To set up a custom repository for your site packages, perform the following steps:
Create a directory for your site-specific packages on the system admin controller, as follows:
# mkdir /tftpboot/site-local/sles-10-x86_64 |
Copy your site packages to the new directory, as follows:
# copy my-package-1.0.x86_64.rpm /tftpboot/site-local/sles-10-x86_64 |
Create the metadata so yum sees this as a repository, as follows:
# yume --prepare --repo /tftpboot/site-local/sles-10-x86_64 |
If you wish to use yum (as opposed to only mksiimage), you can create a yum repository configuration file in /etc/yum.repos.d . Use tempo.repo as an example. You may need to turn off the gpgcheck option if your RPMs are not signed. Remember to deploy the repository to all images from which you wish to use this repository.

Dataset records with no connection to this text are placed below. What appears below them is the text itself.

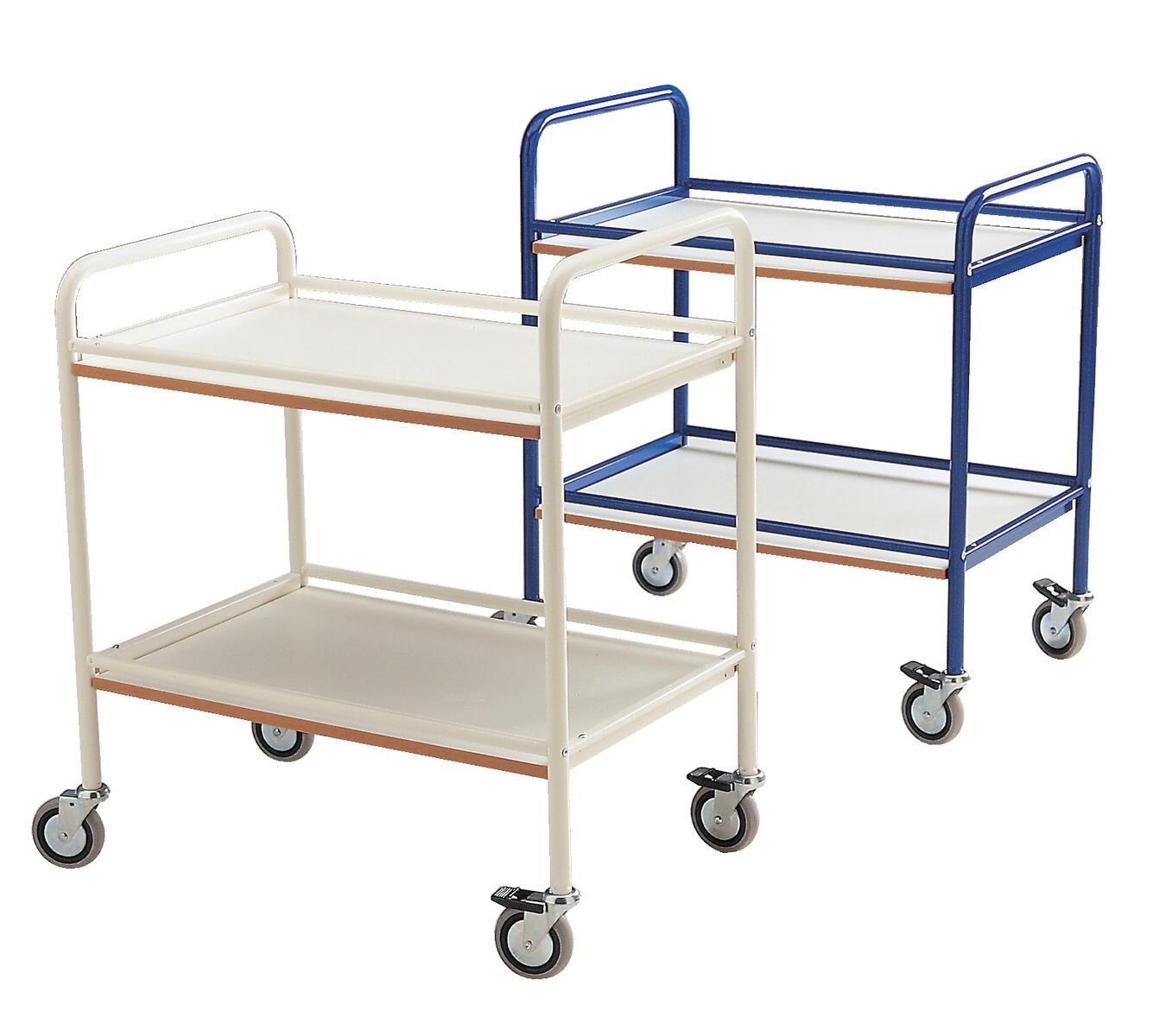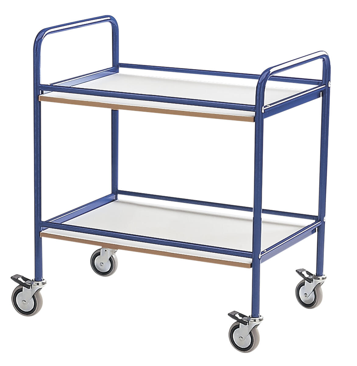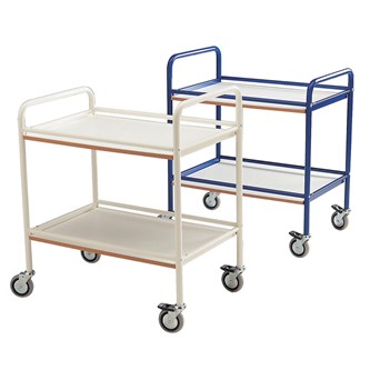 Förvarings- och serveringsvagn med 2 hyllplan. 4 st länkhjul varav 2 st låsbara, diameter 12,5 cm. Mått hyllplan: L90xB44 cm. Mått hel vagn: L108xB48xH94 cm, vikt: 23 kg. Maxbelastning 250 kg. Pulverlackad eller förzinkad plåt.
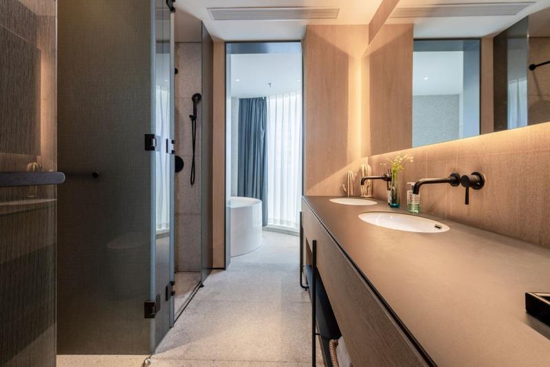 酒店位于南湖街道友谊路,紧邻地铁向西村D2出口步行约3分钟、国贸站A出口步行约5分钟,方便的地理位置与周边完善的休闲娱乐配套,无论消费者休息与商旅都能享受深圳的多元文化。 酒店整体设计是由北京著名的建筑设计事务所About Architecture.打造,以现代经典(Contemporary Design)为风格走向,在简洁的颜色与线条中架构出现代空间感,营造出低调沉稳的氛围。 酒店配备先进的高级客房,以打造私人豪宅为空间概念,规划出强调各具北欧风格的生活机能客房,自然柔和的植物生态墙与木质地板呈现居家温暖的氛围。开放式的空间格局,藉由绿植隔间皆可自由划分出睡房、卫浴与梳化等私人领域,呈现舒适安心的住房空间感。不仅呼应饭店整体新北欧主调,更在空间功能与设计细节融合中西元素,寝室空间以木头原生态艺术装置,流畅地演译出当代低调奢华美学设计创意。墙魔鬼般藏于细节,墙的厚度最为关键,关系着成本与造价,盈舍精心为顾客以30公分的砖墙打造上佳的隔音效果。更注重淋浴体验,引进较新冷热水系统设备,为体现睡眠品质,更是细心选择,优质羽絨被以及帆船饭店等级枕头,让盈奢的顾客有宾至如归的感受。藉由这些细节展现盈舍特有的,贴心且不受干扰的服务风格。
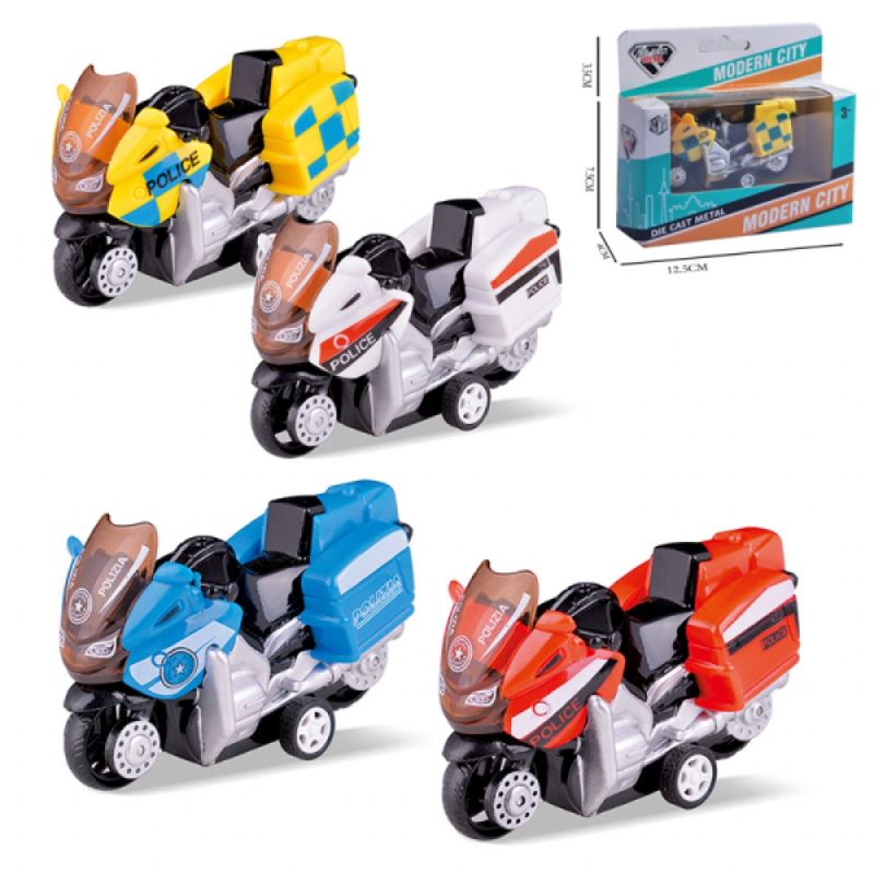 Мал полициски мотоцикл од легура на метал и пластика. Работи на систем „pull back“. Во жолта, бела, сина или црвена боја, кои се продаваат одделно.

If you wish your new package to be installed in to an image created by mksiimage by default, you will need to add it in to an RPM list. Example rpmlists are in /etc/opt/sgi/rpmlists. Always work on your own copy; do not modify the SGI supplied RPM lists. For more information, see “Creating Compute and Service Images Using the mksiimage Command”.
Below is an example of the mksiimage command is the same as the one shown in Procedure 3-5 except it adds your new repository to the list:
# mksiimage -A --name my-service-node-image --location /tftpboot/distro/sles-10-x86_64, /tftpboot/oscar/common-rpms,/tftpboot/oscar/sles-10-x86_64, /tftpboot/site-local/sles-10-x86_64 --filename /etc/opt/sgi/rpmlists/service-sles10sp1.rpmlist |
This command creates a new root image, using your newly created repository as one of the sources, and adds the new package assuming it is listed in /etc/opt/sgi/rpmlists/service-sles10sp1.rpmlist .

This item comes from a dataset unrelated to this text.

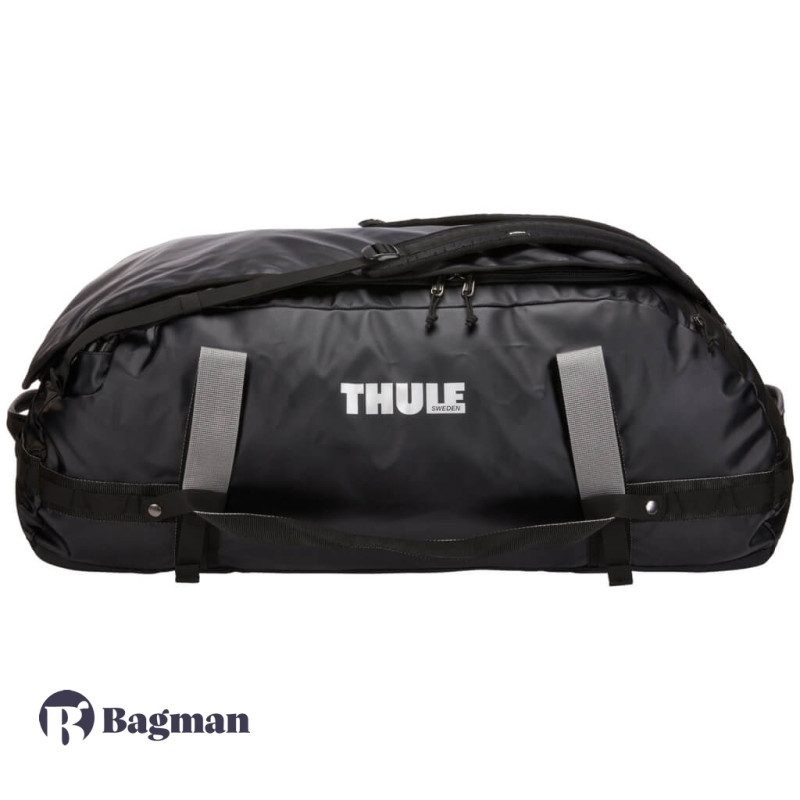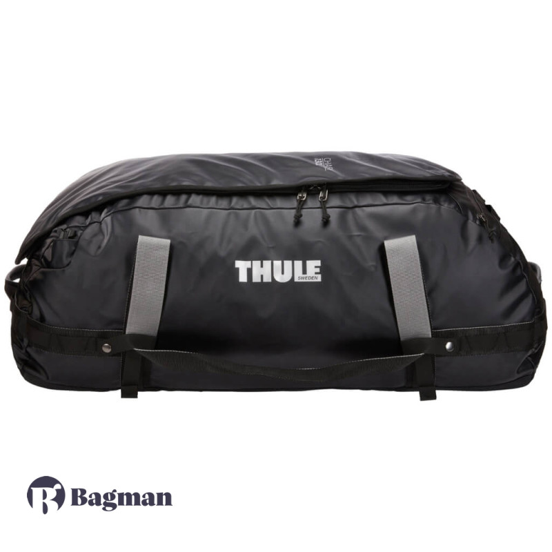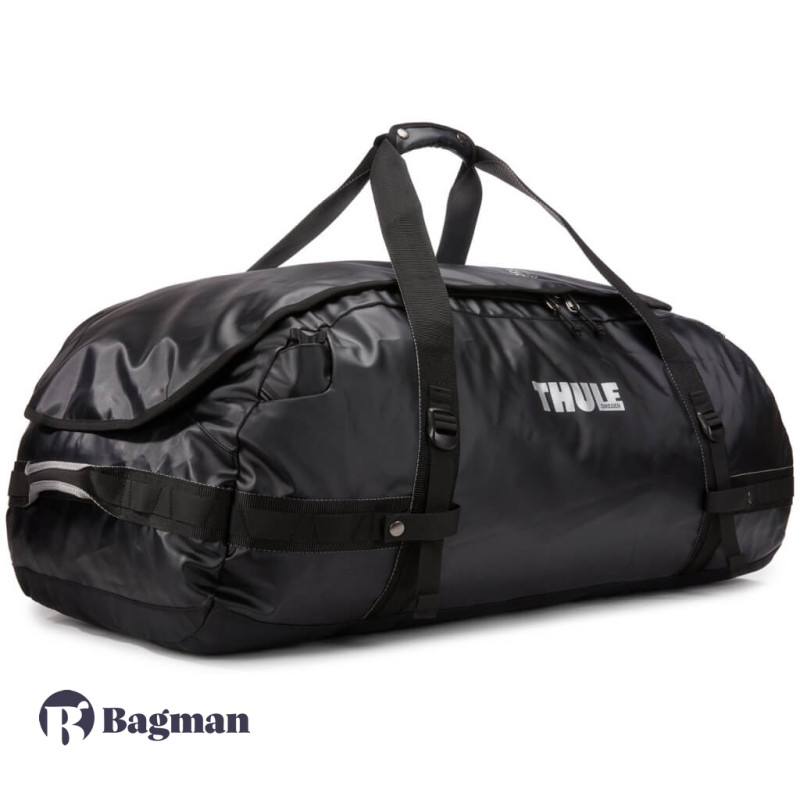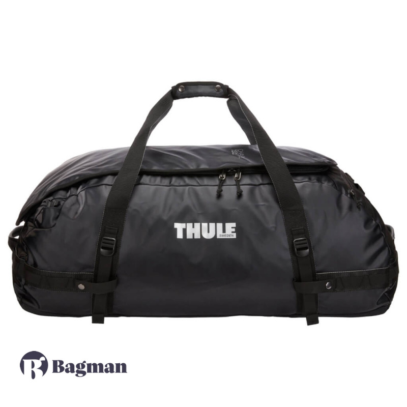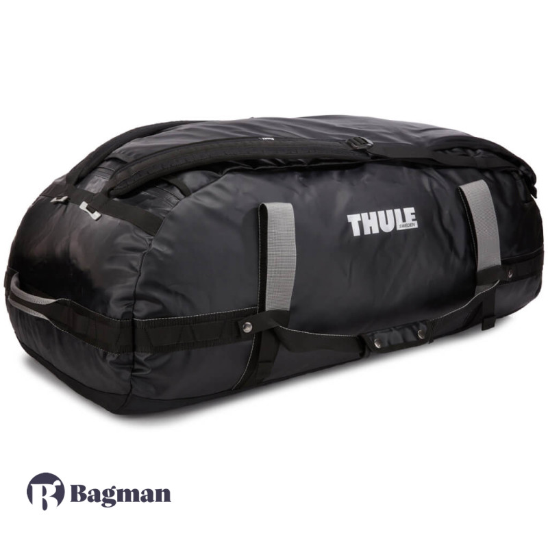 Thule Chasm 130L Black — це найбільша дорожня сумка від даного бренду. Вона виконана в спортивному стилі і трансформується в рюкзак, щоб легше було нести важкий багаж. Аксесуар виготовлений з міцного і водовідштовхуючого нейлону.
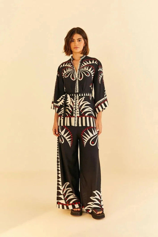 This outfit appears to be a modern bohemian kaftan set featuring bold and artistic prints....

Run post-process-sgi-image command as described in Procedure 3-5.
The cpower command allows you to power up, power down, reset, and show the power status of system components.
The cpower command is, as follows:
cpower [<option> ...] [<target_type>] [<action>] <target> |
The <option> argument can be one or more of the following:
| Option | Description | |
| --noleader | Do not include leader nodes (valid with rack and system domains only). | |
| --noservice | Do not include service nodes (valid with system domain only). | |
| --ipmi | Uses ipmitool to communicate. [default] | |
| --ssh | Uses ssh to communicate. | |
| --intelplus | Uses the -o intelplus option for ipmitool [default] Note that you do not usually need to specify this. | |
| --force | When using wildcards in the target, disable all “safety” checks. Make sure you really want to use this command. | |
| -n, --noexec | Displays, but does not execute, commands that affect power. | |
| -v, --verbose | Print additional information on command progress |
| Note: The command will fail if the target contains any wild cards, unless the --all option is specified. |
The <target> argument is one of the following:
| --node | Applies the action to nodes. Nodes are compute nodes, rack leader controllers (leader nodes), system admin controller (admin node), and service nodes. [default] | |
| --iru | Applies the action at the IRU level. | |
| --rack | Applies the action at the rack level. | |
| --system | Applies the action to the system. You must not specify a target with this type. |
The <action> argument is one of the following:
| --status | Show the power status of the target, including whether it is booted or not. [default] | |
| --up | --on | Powers up the target. | |
| --down | --off | Powers down the target. | |
| --reset | Performs a hard reset on the target. | |
| --cycle | Power cycles the target. | |
| --boot | Boots up the target, unless it is already booted. Waits for all targets to boot. | |
| --reboot | Reboots the target, even if already booted. Wait for all targets to boot. | |
| --shutdown | Shuts down the target, but does not power it off. Waits for targets to shut down. | |
| --identify <interval> | Turns on the identifying LED for the specified interval in seconds. Uses an interval of 0 to turn off immediately. | |
| -h, --help | Shows help usage statement. |
The target must always be specified except when the --system option is used. Wildcards may be used, but be careful not to accidentally power off or reboot the leader nodes. If wildcard use affects any leader node, the command fails with an error.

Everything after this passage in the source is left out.